EXERCISE :: Write an exact copy of the entries below that leaves out all pictures.

Source records ::
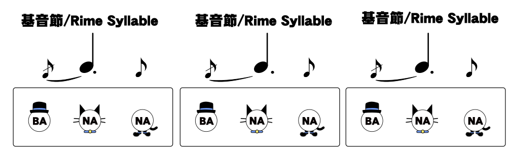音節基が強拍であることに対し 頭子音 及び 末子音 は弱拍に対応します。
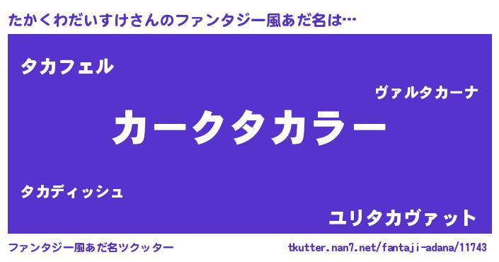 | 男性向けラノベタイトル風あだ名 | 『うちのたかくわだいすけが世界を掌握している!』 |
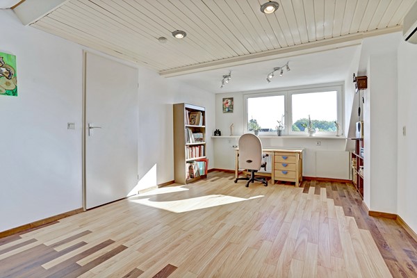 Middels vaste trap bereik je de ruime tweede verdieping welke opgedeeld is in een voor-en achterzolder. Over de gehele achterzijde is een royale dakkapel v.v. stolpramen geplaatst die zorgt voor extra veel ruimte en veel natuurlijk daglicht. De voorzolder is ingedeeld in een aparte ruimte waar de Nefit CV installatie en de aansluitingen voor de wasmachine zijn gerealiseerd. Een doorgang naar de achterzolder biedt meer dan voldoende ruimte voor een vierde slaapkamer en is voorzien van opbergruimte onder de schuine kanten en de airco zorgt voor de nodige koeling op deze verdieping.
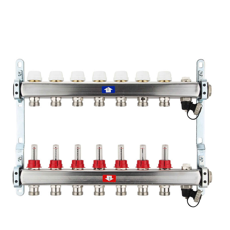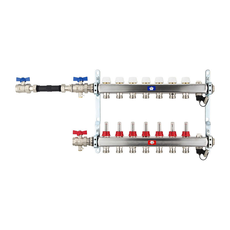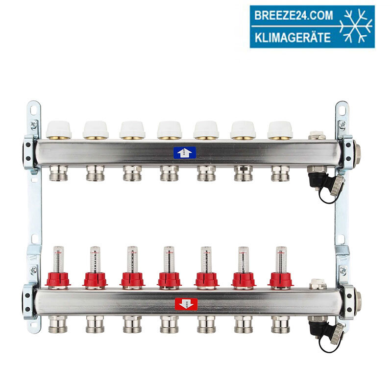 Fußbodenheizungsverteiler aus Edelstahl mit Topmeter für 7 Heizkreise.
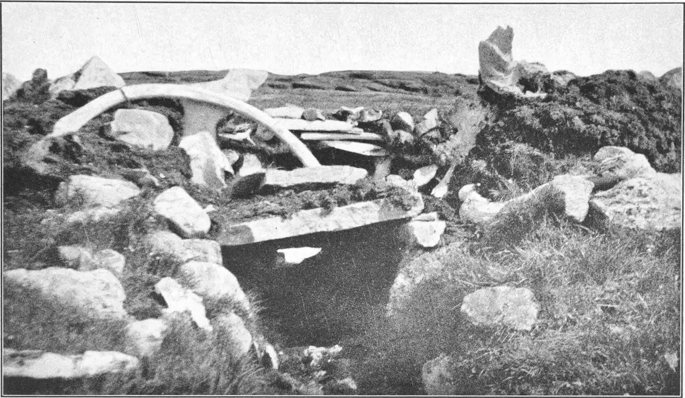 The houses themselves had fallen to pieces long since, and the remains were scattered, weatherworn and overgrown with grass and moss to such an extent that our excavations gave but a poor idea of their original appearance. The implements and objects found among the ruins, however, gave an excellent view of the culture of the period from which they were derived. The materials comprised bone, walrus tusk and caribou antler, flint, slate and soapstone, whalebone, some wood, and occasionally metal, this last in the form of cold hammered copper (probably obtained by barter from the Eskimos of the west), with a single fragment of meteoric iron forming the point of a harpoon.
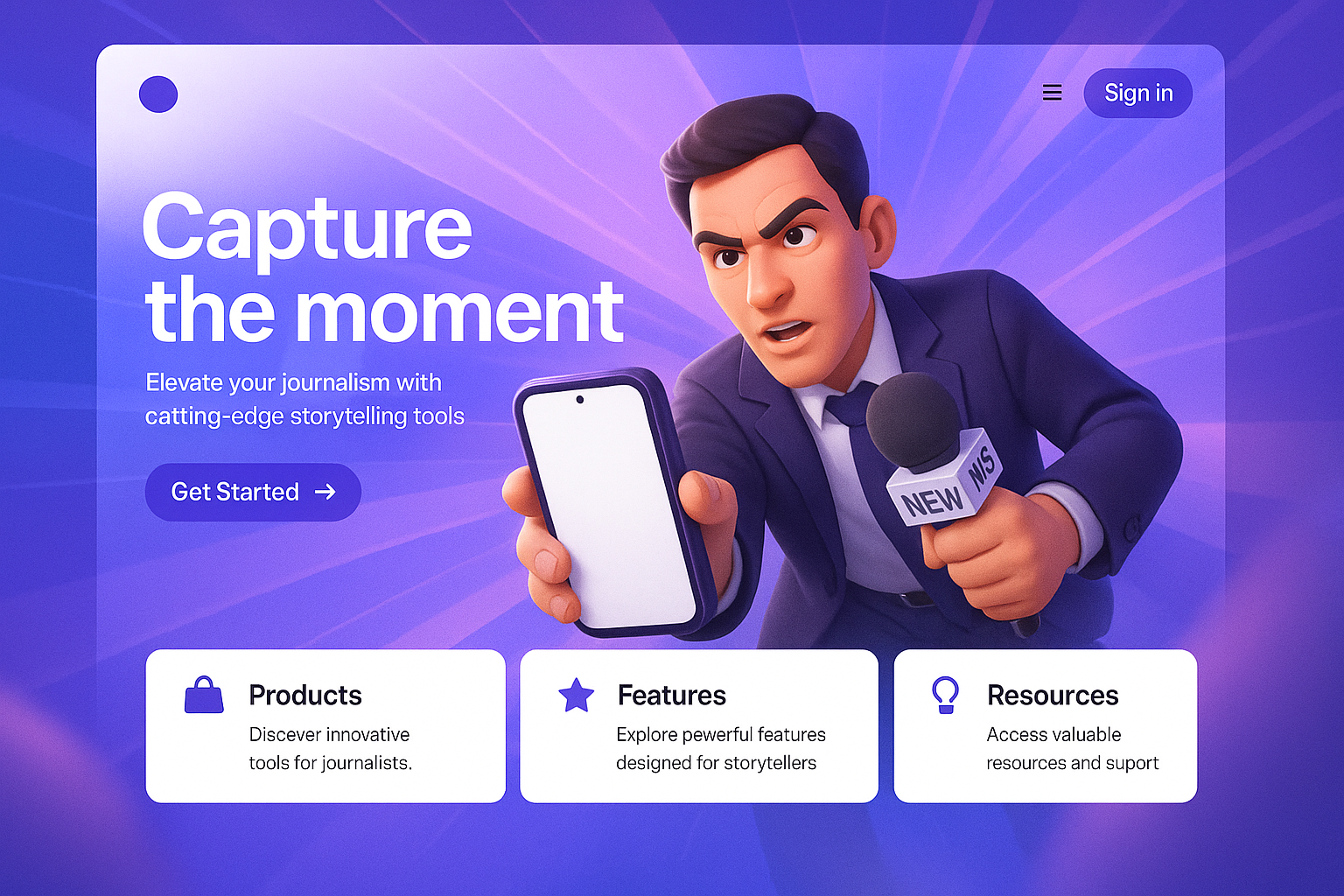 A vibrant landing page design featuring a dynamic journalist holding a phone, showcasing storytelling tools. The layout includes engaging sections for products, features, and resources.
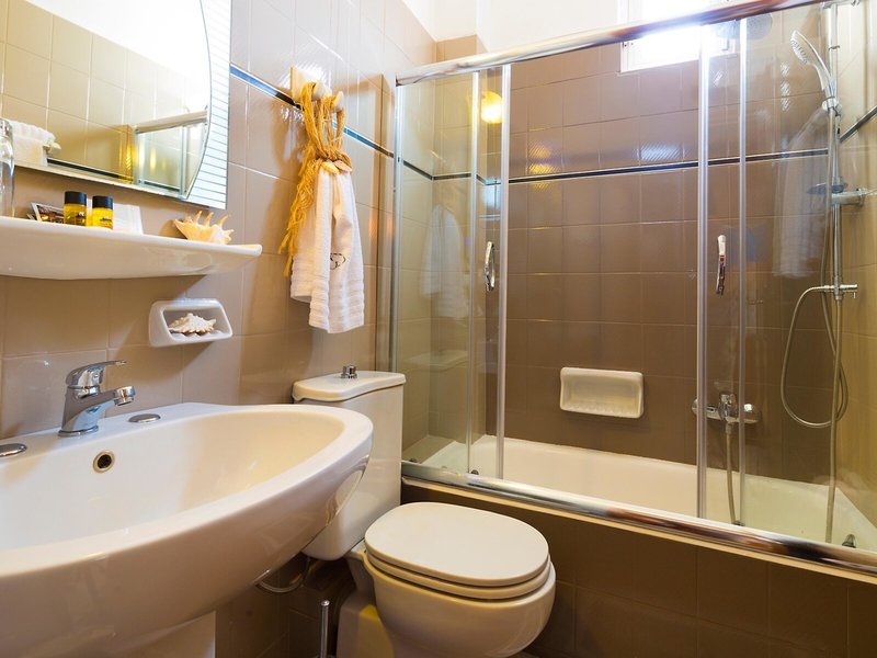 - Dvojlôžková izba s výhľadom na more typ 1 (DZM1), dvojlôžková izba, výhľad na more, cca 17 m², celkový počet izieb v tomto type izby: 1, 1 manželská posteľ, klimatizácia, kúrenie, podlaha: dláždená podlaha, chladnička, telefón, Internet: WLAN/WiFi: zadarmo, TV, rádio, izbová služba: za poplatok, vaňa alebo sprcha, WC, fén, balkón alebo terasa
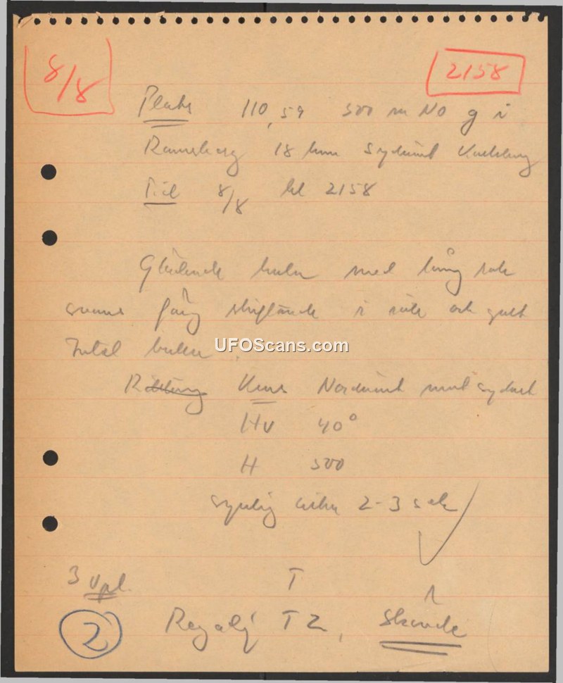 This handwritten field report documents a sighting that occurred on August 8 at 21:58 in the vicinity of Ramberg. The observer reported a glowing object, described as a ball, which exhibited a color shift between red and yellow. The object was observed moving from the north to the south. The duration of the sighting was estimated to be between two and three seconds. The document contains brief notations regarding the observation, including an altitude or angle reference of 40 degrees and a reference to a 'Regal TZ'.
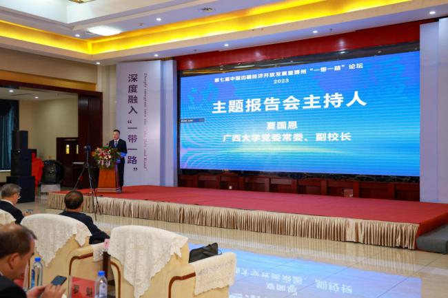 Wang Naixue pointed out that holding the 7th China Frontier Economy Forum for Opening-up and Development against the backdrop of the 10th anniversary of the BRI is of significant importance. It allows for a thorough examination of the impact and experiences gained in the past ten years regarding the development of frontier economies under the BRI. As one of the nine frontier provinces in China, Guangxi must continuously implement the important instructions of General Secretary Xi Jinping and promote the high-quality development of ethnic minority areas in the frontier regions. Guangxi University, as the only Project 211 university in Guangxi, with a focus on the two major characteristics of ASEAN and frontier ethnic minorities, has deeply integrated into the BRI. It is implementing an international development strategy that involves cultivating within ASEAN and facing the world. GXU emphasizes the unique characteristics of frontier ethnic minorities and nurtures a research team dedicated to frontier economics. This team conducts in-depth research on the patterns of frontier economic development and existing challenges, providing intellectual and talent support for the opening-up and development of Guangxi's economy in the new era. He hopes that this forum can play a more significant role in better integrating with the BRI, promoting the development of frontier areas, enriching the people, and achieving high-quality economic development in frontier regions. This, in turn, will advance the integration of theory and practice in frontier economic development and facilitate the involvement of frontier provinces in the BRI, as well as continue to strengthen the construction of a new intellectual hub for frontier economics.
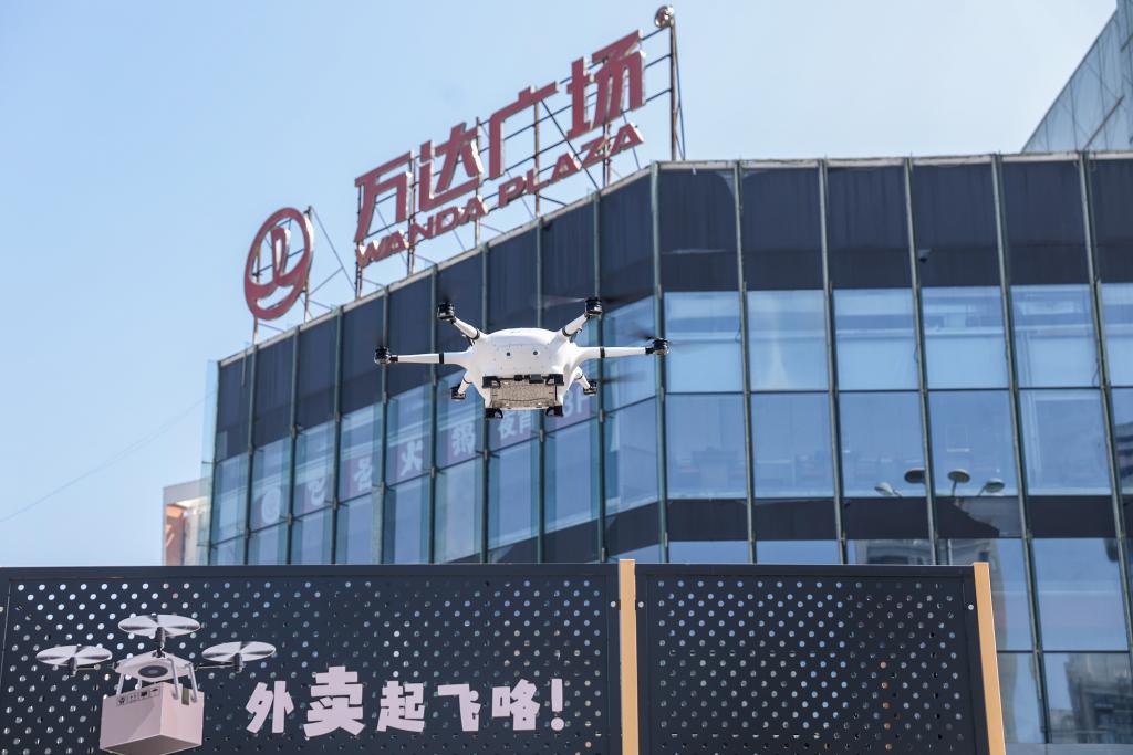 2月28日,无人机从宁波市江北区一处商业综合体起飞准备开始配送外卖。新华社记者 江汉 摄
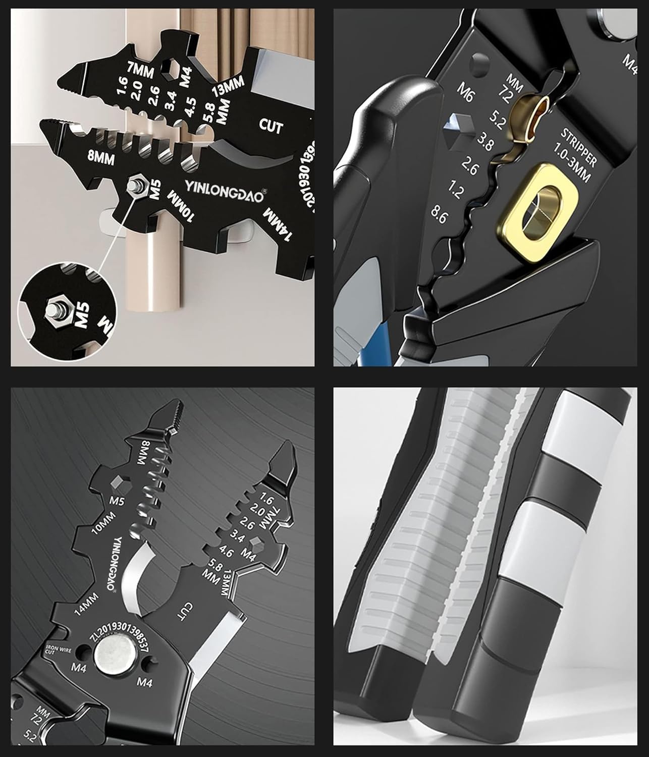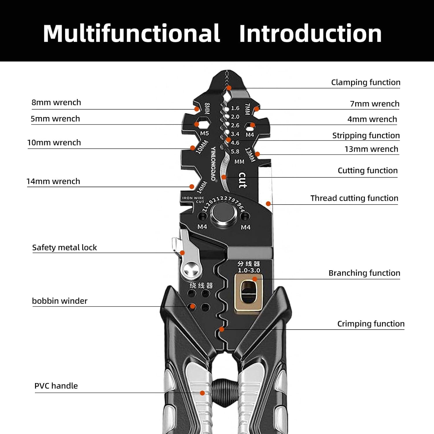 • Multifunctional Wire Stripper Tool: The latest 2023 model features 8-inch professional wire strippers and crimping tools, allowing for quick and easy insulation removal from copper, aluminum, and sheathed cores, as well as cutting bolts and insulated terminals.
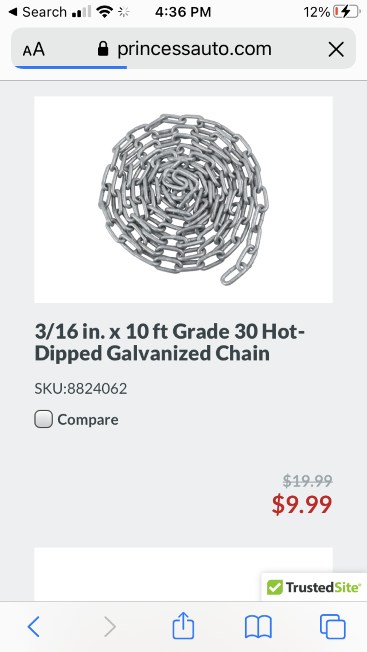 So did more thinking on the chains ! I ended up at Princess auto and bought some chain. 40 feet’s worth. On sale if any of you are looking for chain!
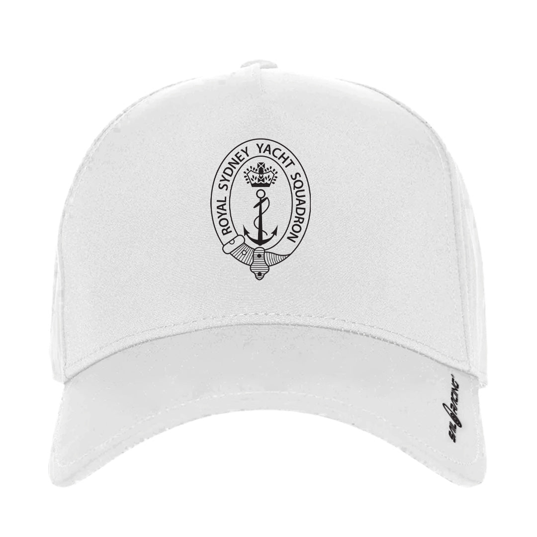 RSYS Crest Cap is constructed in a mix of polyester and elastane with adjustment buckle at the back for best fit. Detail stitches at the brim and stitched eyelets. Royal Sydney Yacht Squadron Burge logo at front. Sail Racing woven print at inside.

TASK RESULT ::
音節基が強拍であることに対し 頭子音 及び 末子音 は弱拍に対応します。
 | 男性向けラノベタイトル風あだ名 | 『うちのたかくわだいすけが世界を掌握している!』 |
 Middels vaste trap bereik je de ruime tweede verdieping welke opgedeeld is in een voor-en achterzolder. Over de gehele achterzijde is een royale dakkapel v.v. stolpramen geplaatst die zorgt voor extra veel ruimte en veel natuurlijk daglicht. De voorzolder is ingedeeld in een aparte ruimte waar de Nefit CV installatie en de aansluitingen voor de wasmachine zijn gerealiseerd. Een doorgang naar de achterzolder biedt meer dan voldoende ruimte voor een vierde slaapkamer en is voorzien van opbergruimte onder de schuine kanten en de airco zorgt voor de nodige koeling op deze verdieping.
 Fußbodenheizungsverteiler aus Edelstahl mit Topmeter für 7 Heizkreise.
 The houses themselves had fallen to pieces long since, and the remains were scattered, weatherworn and overgrown with grass and moss to such an extent that our excavations gave but a poor idea of their original appearance. The implements and objects found among the ruins, however, gave an excellent view of the culture of the period from which they were derived. The materials comprised bone, walrus tusk and caribou antler, flint, slate and soapstone, whalebone, some wood, and occasionally metal, this last in the form of cold hammered copper (probably obtained by barter from the Eskimos of the west), with a single fragment of meteoric iron forming the point of a harpoon.
 A vibrant landing page design featuring a dynamic journalist holding a phone, showcasing storytelling tools. The layout includes engaging sections for products, features, and resources.
 - Dvojlôžková izba s výhľadom na more typ 1 (DZM1), dvojlôžková izba, výhľad na more, cca 17 m², celkový počet izieb v tomto type izby: 1, 1 manželská posteľ, klimatizácia, kúrenie, podlaha: dláždená podlaha, chladnička, telefón, Internet: WLAN/WiFi: zadarmo, TV, rádio, izbová služba: za poplatok, vaňa alebo sprcha, WC, fén, balkón alebo terasa
 This handwritten field report documents a sighting that occurred on August 8 at 21:58 in the vicinity of Ramberg. The observer reported a glowing object, described as a ball, which exhibited a color shift between red and yellow. The object was observed moving from the north to the south. The duration of the sighting was estimated to be between two and three seconds. The document contains brief notations regarding the observation, including an altitude or angle reference of 40 degrees and a reference to a 'Regal TZ'.
 Wang Naixue pointed out that holding the 7th China Frontier Economy Forum for Opening-up and Development against the backdrop of the 10th anniversary of the BRI is of significant importance. It allows for a thorough examination of the impact and experiences gained in the past ten years regarding the development of frontier economies under the BRI. As one of the nine frontier provinces in China, Guangxi must continuously implement the important instructions of General Secretary Xi Jinping and promote the high-quality development of ethnic minority areas in the frontier regions. Guangxi University, as the only Project 211 university in Guangxi, with a focus on the two major characteristics of ASEAN and frontier ethnic minorities, has deeply integrated into the BRI. It is implementing an international development strategy that involves cultivating within ASEAN and facing the world. GXU emphasizes the unique characteristics of frontier ethnic minorities and nurtures a research team dedicated to frontier economics. This team conducts in-depth research on the patterns of frontier economic development and existing challenges, providing intellectual and talent support for the opening-up and development of Guangxi's economy in the new era. He hopes that this forum can play a more significant role in better integrating with the BRI, promoting the development of frontier areas, enriching the people, and achieving high-quality economic development in frontier regions. This, in turn, will advance the integration of theory and practice in frontier economic development and facilitate the involvement of frontier provinces in the BRI, as well as continue to strengthen the construction of a new intellectual hub for frontier economics.
 2月28日,无人机从宁波市江北区一处商业综合体起飞准备开始配送外卖。新华社记者 江汉 摄
 • Multifunctional Wire Stripper Tool: The latest 2023 model features 8-inch professional wire strippers and crimping tools, allowing for quick and easy insulation removal from copper, aluminum, and sheathed cores, as well as cutting bolts and insulated terminals.
 So did more thinking on the chains ! I ended up at Princess auto and bought some chain. 40 feet’s worth. On sale if any of you are looking for chain!
 RSYS Crest Cap is constructed in a mix of polyester and elastane with adjustment buckle at the back for best fit. Detail stitches at the brim and stitched eyelets. Royal Sydney Yacht Squadron Burge logo at front. Sail Racing woven print at inside.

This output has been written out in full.